Physics-Aware Heterogeneous GNN Architecture for Real-Time BESS Optimization in Unbalanced Distribution Systems
Aoxiang Ma, Salah Ghamizi, Jun Cao, Pedro Rodriguez
TL;DR
This work tackles real-time, constraint-aware battery dispatch in three-phase unbalanced distribution grids by embedding explicit three-phase grid information into a heterogeneous graph neural network and training with a physics-informed loss that enforces SOC and C-rate constraints. The approach uses type-specific message passing and multi-task heads to jointly predict bus voltages, external grid power, and BESS dispatch, while ensuring feasibility. Validation on the CIGRE 18-bus system shows very low voltage prediction errors and dramatically reduced constraint violations, demonstrating practical viability for reliable, constraint-compliant dispatch. The results support the potential for real-time deployment and scalable extension to larger networks with multiple energy storage units and more advanced coordination mechanisms.
Abstract
Battery energy storage systems (BESS) have become increasingly vital in three-phase unbalanced distribution grids for maintaining voltage stability and enabling optimal dispatch. However, existing deep learning approaches often lack explicit three-phase representation, making it difficult to accurately model phase-specific dynamics and enforce operational constraints--leading to infeasible dispatch solutions. This paper demonstrates that by embedding detailed three-phase grid information--including phase voltages, unbalanced loads, and BESS states--into heterogeneous graph nodes, diverse GNN architectures (GCN, GAT, GraphSAGE, GPS) can jointly predict network state variables with high accuracy. Moreover, a physics-informed loss function incorporates critical battery constraints--SoC and C-rate limits--via soft penalties during training.

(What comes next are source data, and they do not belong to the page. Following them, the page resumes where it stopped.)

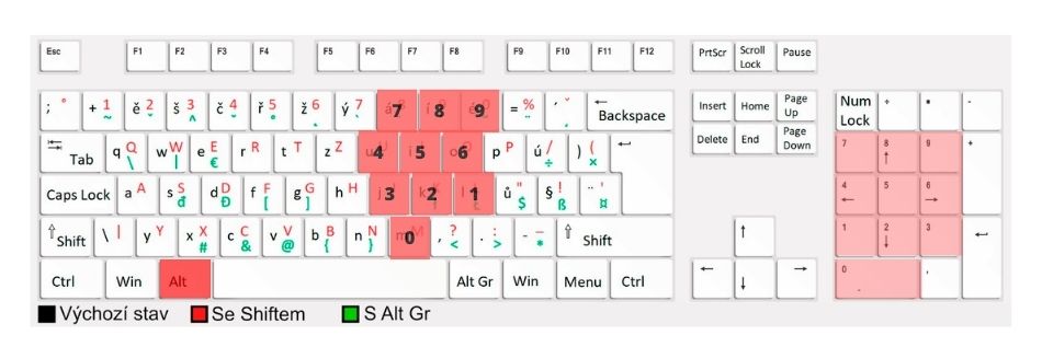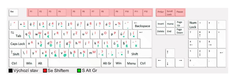 Overview of all keyboard shortcuts for hidden symbols and all functions on the Czech keyboard
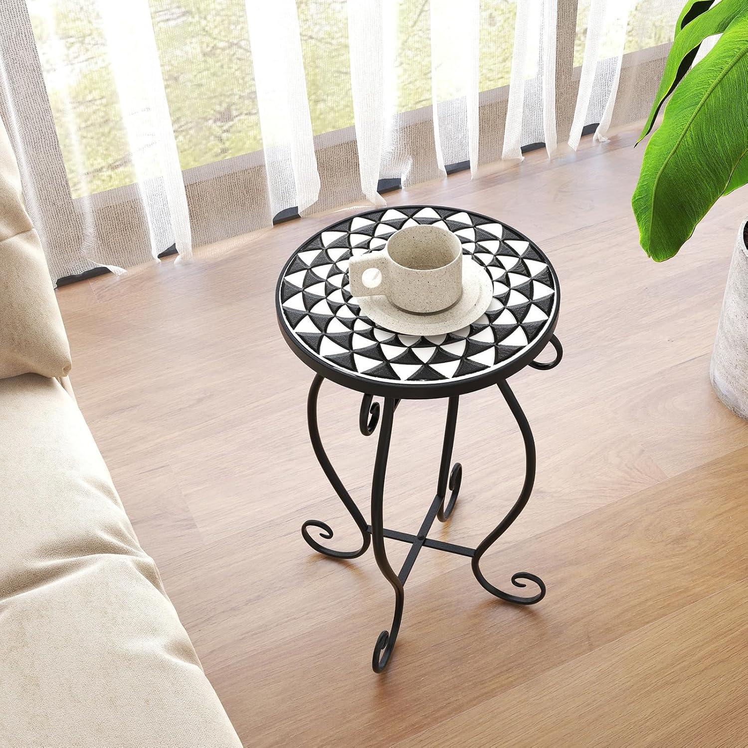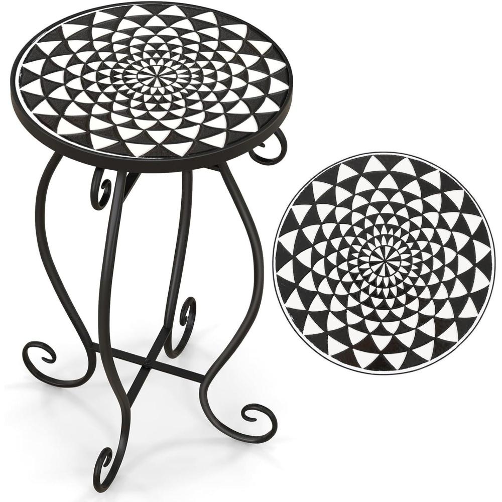 Giantex Outdoor Side Table, Mosaic Patio Table, 14inch Accent Table Plant Stand, Ceramic Tile Top Metal Frame, Small End Table Porch Beach Patio Garden Balcony Poolside(Monochrome)
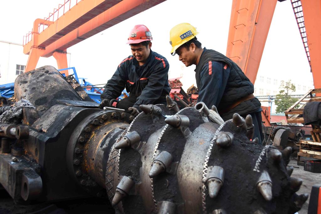 今年以来,袁店一矿精打减亏增盈“小算盘”,激发全员自主修旧利废、节支创效的积极性,小到灯房擦灯的棉纱洗了再用,大到链条、千斤顶、综掘机等机械设备的维修养护,“小算盘”拨出了“大效益”,1至11月份累计修旧利废减亏增盈约1200万元。图为两名职工正在对刚升井的综掘机进行维修养护。(责编:徐成贵)
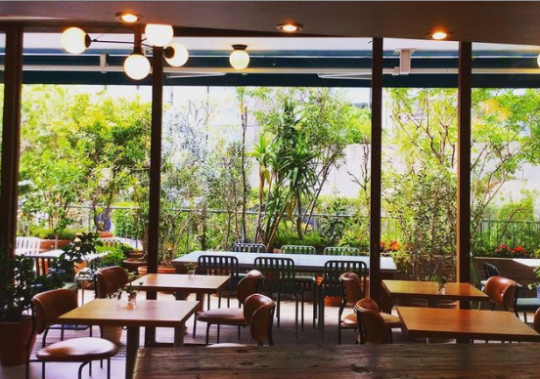 揚げたてのドーナツと旬の果物のケーキ。身体が喜ぶ新鮮なサラダに、そして焼きたてパン。広いテラスから自然光が入る緑の空間で、季節の変化を感じながらひと時を楽しめる空間となっております。
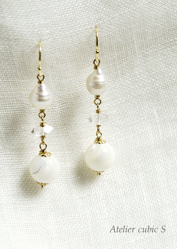 シェルはマットな白と艶のある白のマーブルなので、水晶やパールとの相性が良いです。
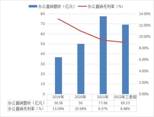 據(jù)媒體公開報道,2021年,得力的政企采購業(yè)務(wù)就已突破100億。這些都導(dǎo)致,晨光科力普無法通過提價提升毛利率。2022年前三季度,晨光辦公直銷產(chǎn)品的毛利率僅8.98%,排在主要產(chǎn)品的末位。
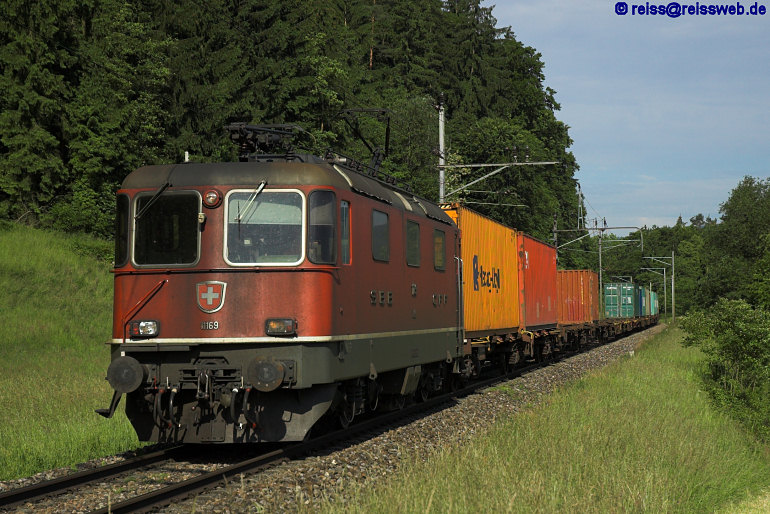 Einen aussergewöhnlichen Laufweg hatte Re 4/4 II 11169 mit ihrem Zug am 20.05.07, Ziel des Zuges war Buchs (SG), gefahren wurde ab Basel über Koblenz - Eglisau - Bülach - Regensdorf - RBL, die Aufnahme entstand bei Eglisau.
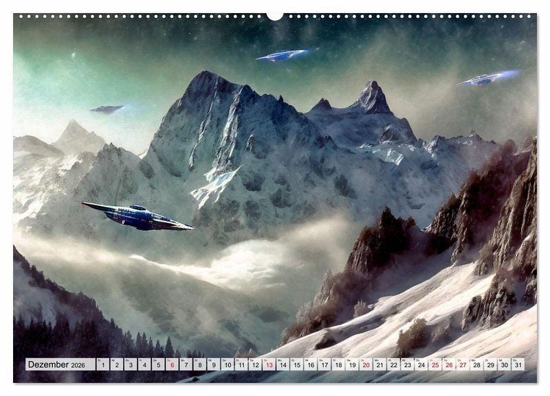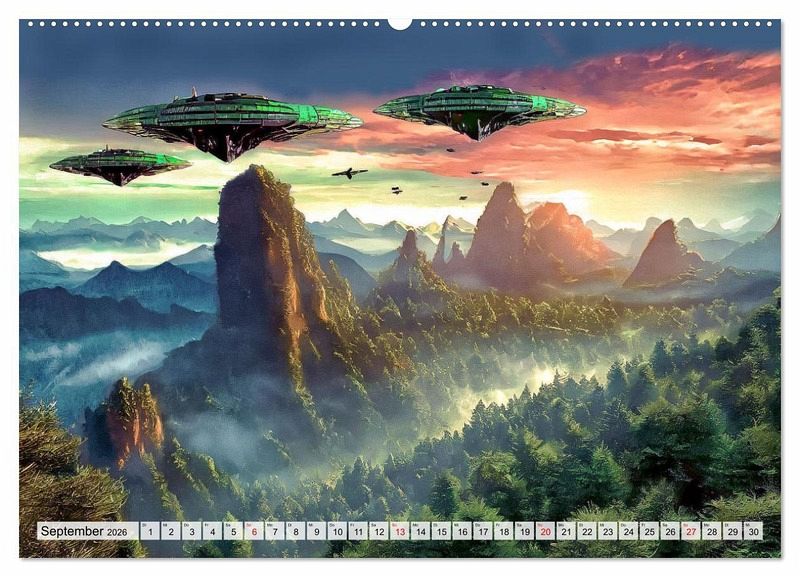 Die Frage, ob es außer uns Erdenbewohner noch andere Lebewesen, vor allem intelligente Lebewesen irgendwo im Universum gibt, beschäftigt die Menschen seit Generationen. Unser Bildkalender scheint eine Antwort darauf zu geben, aber es sind keine Tatsachen, die hier abgebildet sind, sondern Fiktionen - allerdings auf eine sehr wirkungsvolle und realitätsnahe Weise. Die Bilder zeigen fremde Raumschiffe, die sich friedlich in verschiedenen Landschaften dieser Erde bewegen. Die Annahme, dass auch eine friedliche Begegnung möglich ist, sollte uns Zuversicht geben und die nötige Gelassenheit, um die Monatsbilder gebührend bewundern zu können. Für die Schaffung dieser Bilder hat sich eine künstliche Intelligenz ins Zeug gelegt.
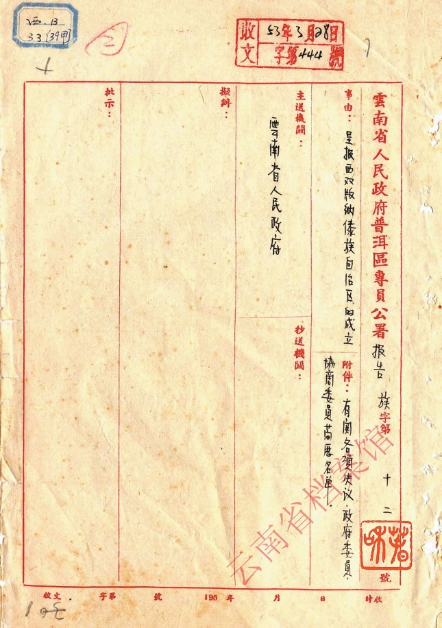 1953年3月6日,普洱区专员公署关于西双版纳傣族自治区成立,给云南省人民政府的报告
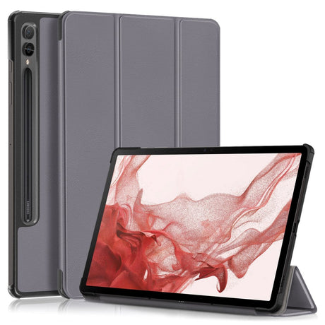Samsung Galaxy Tab S9 Tri-Fold Leather Flip Cover m. Stativfunksjon - Grå
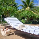 ABSORBENT LOUNGE CHAIR COVER: Made with the same 100% ring spin cotton pile as Las Rayas bath and beach towels, Our terry lounge chair cover towel wicks water fast and dries quickly so that you can just relax after a refreshing swim.
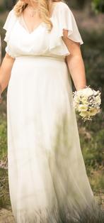 Trouwjurk voor iets bredere dames. Maat 42/44 en aanpasbaar. Geen stress als je iets slanker wordt of bijkomt. Ikzelf ben 1.75 Cm groot en droeg hakje
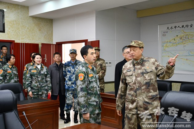 11月7日,甘肅省軍區(qū)司令員王文清帶領(lǐng)武威市副市長唐修亞,金昌軍分區(qū)司令員熊吉本等組成的國防動員和后備力量“三項(xiàng)基礎(chǔ)”建設(shè)交互檢查工作組檢查指導(dǎo)天水人防工作,天水市委常委、政法委書記蒲軍,天水軍分區(qū)政委石明等一同檢查。

Experimental validation on the CIGRE 18-bus distribution system shows that this embedding-loss approach achieves low prediction errors, with bus voltage MSEs of 6.92e-07 (GCN), 1.21e-06 (GAT), 3.29e-05 (GPS), and 9.04e-07 (SAGE). Importantly, the physics-informed method ensures nearly zero SoC and C-rate constraint violations, confirming its effectiveness for reliable, constraint-compliant dispatch.